Installing → Configuration Guide
Setup Script
Open XDMoD includes a setup script to help you configure your installation. This script will prompt you for information needed to configure Open XDMoD and update your configuration files accordingly. If you have modified your configuration files manually, be sure to make backups before running this command:
# xdmod-setup
General Settings
The general settings include:
- Site address (The URL you will use to access Open XDMoD)
- Email address (The email address Open XDMoD will use when sending emails)
- Chromium path
- Header logo (see Logo Image Guide for details)
- Whether to enable the Dashboard tab (see the Dashboard Guide for details)
These settings are stored in portal_settings.ini
.
Database Settings
Will create and initialize database as well as storing these settings:
- Database hostname
- Database port number
- Database username
- Database password
These settings are stored in portal_settings.ini
.
You will be required to supply a username and password for a user that has privileges to create databases and users.
ACL Database Setup / Population
This step will run immediately after you have set up the database that Open XDMoD will be using and does not require any additional input. It is responsible for creating and populating the tables required by the ACL framework.
If your Open XDMoD Installation requires modifications to the ACL tables
(/etc/xdmod/etl/etl_tables.d/acls/<table>.json
) then running this step
again or the acl-config
bin script is required.
Organization Settings
The organization settings require a name and abbreviation for your organization. These will be used in the portal to refer to anything relating to your organization’s data.
Resources
For each resource you will need this information:
- Resource name - A short name or abbreviation that will be used when displaying data about specific resources.
- Formal name - A possibly longer, more descriptive name for the resource.
- Resource type - The type that best describes this resource.
- Node count - The current number of nodes in the resource.
- Processor count - The total sum of all the processors (CPU cores) in the resource.
For example, if you have a resource dedicated to your physics department with 100 nodes that have 16 cores in each node, you could use these values:
- Resource name: physics
- Formal name: Physics Department Cluster
- Resource type: hpc
- Node count: 100
- Processor count: 1600
The resource name supplied here must be specified during the shredding process. If you are using the Slurm helper script, this name must match the cluster name used by Slurm.
The resource type defines metadata that can be used to group and filter resources in the XDMoD user interface.
The number of nodes and cores in your resource are used to display the
utilization charts (the percentage of your cluster that is being used).

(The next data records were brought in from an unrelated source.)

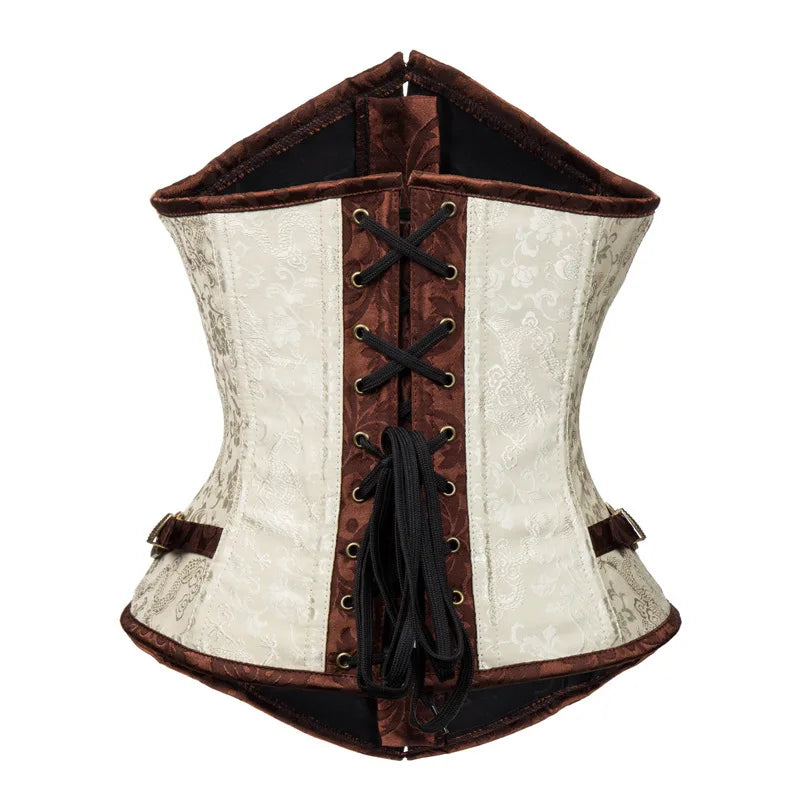 Steampunk-Korsett braun-creme retro mit Metallschnallen
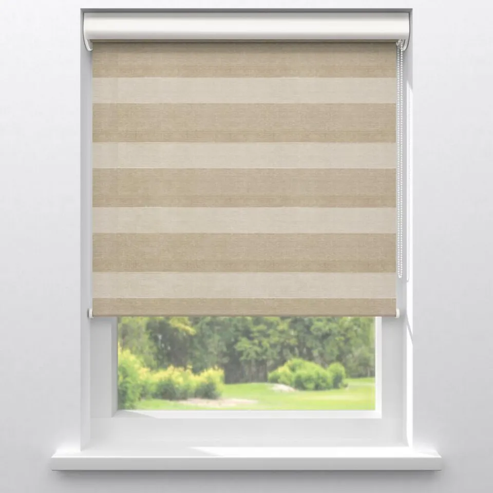 Lichtdoorlatend duo-rolgordijn naturel. De transparante banen hebben een fijne gaasstructuur. De afwisselende open en dichte stofbanen bewegen voor elkaar langs. Zo bepaal je eenvoudig de lichtinval en privacy. Je kunt zelf de kleur kiezen van de cassettes, eindkappen, kettingen, onderlatten en roedes. De bedieningszijde kies je ook zelf: rechts of links. Op maat te maken en eenvoudig met de juiste afmetingen te bestellen.
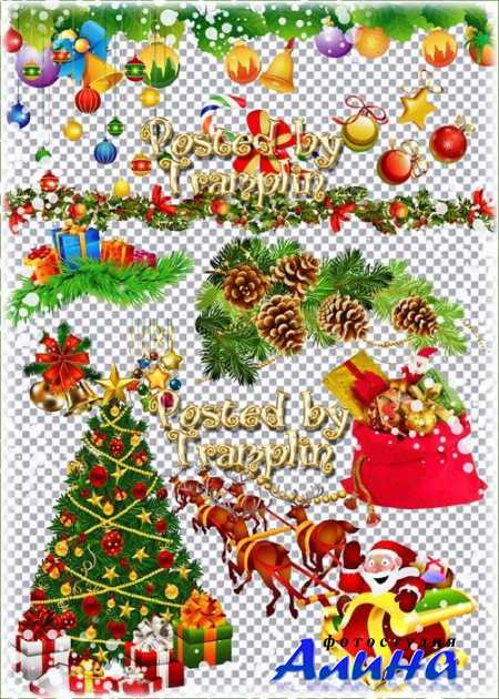 Разноцветный и разнообразный клипарт на тему нового года: мешки с игрушками, хвойные веточки и елка, украшения, Санта в саночках, колокольчики
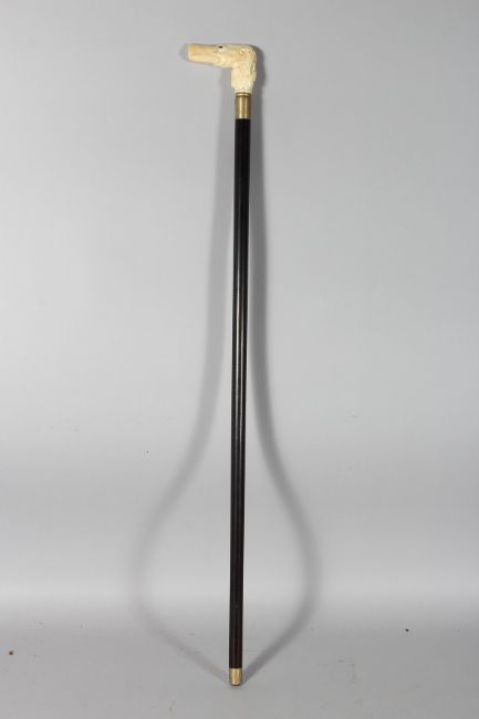 A CARVED BONE DOG HANDLE WALKING STICK.

If these numbers are not accurate, these charts will likewise be
inaccurate. If the number of nodes or processors in any of your
resources changes, you will need to update your configuration. Refer to
the resource_specs.json
section below for details.
Create Admin User
This will allow you to create an administrative user that can log into the Open XDMoD portal and create other users. You will need to supply a username and password for this user along with the first name, last name and email address of your admin.
Hierarchy
Open XDMoD allows you to define a three level hierarchy that can be used to define various entities or groups and associate users with a group in the hierarchy. These can be decanal units and their associated departments or any hierarchy that is desired. If defined, this hierarchy is used to generate charts that aggregate usage metrics into groups based on users assigned to one of the groups.

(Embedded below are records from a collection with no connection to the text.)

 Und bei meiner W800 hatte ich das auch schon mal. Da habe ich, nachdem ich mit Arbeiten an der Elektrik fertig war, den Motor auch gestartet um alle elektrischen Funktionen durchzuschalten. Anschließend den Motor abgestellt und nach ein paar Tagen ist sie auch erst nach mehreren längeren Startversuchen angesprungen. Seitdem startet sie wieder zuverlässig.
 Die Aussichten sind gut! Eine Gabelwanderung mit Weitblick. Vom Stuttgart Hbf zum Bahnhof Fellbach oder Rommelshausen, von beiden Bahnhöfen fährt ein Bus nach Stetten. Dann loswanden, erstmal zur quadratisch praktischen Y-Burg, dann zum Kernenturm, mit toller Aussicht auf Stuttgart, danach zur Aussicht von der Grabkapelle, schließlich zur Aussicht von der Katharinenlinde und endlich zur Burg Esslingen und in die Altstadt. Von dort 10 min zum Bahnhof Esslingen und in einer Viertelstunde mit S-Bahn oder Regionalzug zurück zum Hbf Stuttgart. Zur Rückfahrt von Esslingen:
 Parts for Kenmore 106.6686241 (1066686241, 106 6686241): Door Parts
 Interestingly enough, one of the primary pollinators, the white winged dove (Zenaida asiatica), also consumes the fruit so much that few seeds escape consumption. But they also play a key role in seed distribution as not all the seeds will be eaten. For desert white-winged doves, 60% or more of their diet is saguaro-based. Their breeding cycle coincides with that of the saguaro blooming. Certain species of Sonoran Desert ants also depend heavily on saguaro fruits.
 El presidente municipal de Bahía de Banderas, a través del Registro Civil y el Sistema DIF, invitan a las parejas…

See the Hierarchy Guide for more details.
Apache Configuration
A template Apache configuration file is provided. The path is /usr/share/xdmod/templates/apache.conf
in the RPM install and share/templates/apache.conf
in the source code install.
This template file must be copied to the Apache configuration directory and
edited to update site specific configuration settings.
For CentOS 7 and RHEL 7 the template file should be copied to /etc/httpd/conf.d/xdmod.conf
For other Linux distributions consult the distribution documentation
to determine the path to the webserver configuration files.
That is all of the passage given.